Sudoku SAT-Solver

Sudokus are fun to solve - but watching a machine solve them isn’t as rewarding. However, what is fun is writing programs to solve them for you. I’ve written Sudoku solvers in the past using DFS with pruning and these have done the job fine but I wanted to try and write a solution that uses a SAT-solver.
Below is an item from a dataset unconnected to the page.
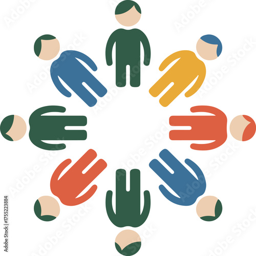 © SHAH NIPU, Obraz premium Flat design icon of diverse people standing in circle unified teamwork community concept vector

SAT-solvers are designed to solve the Boolean Satisfiability Problem that seeks to find a truth assignment for each of a set of boolean variables for which the whole expression is true. For example the expression X1.X2 + X3 is true when X1 and X2 are both true. This is not the only solution though. Since X3 being true or X3, X1, X2 all being true are also solutions So this SAT problem has three solutions. The SAT problem is NP complete This means that all problems in the complexity class NP, which includes a wide range of natural decision and optimization problems, are at most as difficult to solve as SAT. There is no known algorithm that efficiently solves SAT, and it is generally believed that no such algorithm exists; yet this belief has not been proven mathematically, and resolving the question whether SAT has an efficient algorithm is equivalent to the P versus NP problem, which is the most famous open problem in the theory of computing.

SAT-solvers like pycosat require the boolean expression to be in Conjunctive Normal Form (CNF). An expression is in CNF if it is a conjunction of clauses, where a clause is a disjunction of literals; otherwise put, it is an AND of ORs. For example the expression -(X1+X2) is not in CNF but, after apply de Morgan’s Law, is transformed into -X1.X2 it is in CNF.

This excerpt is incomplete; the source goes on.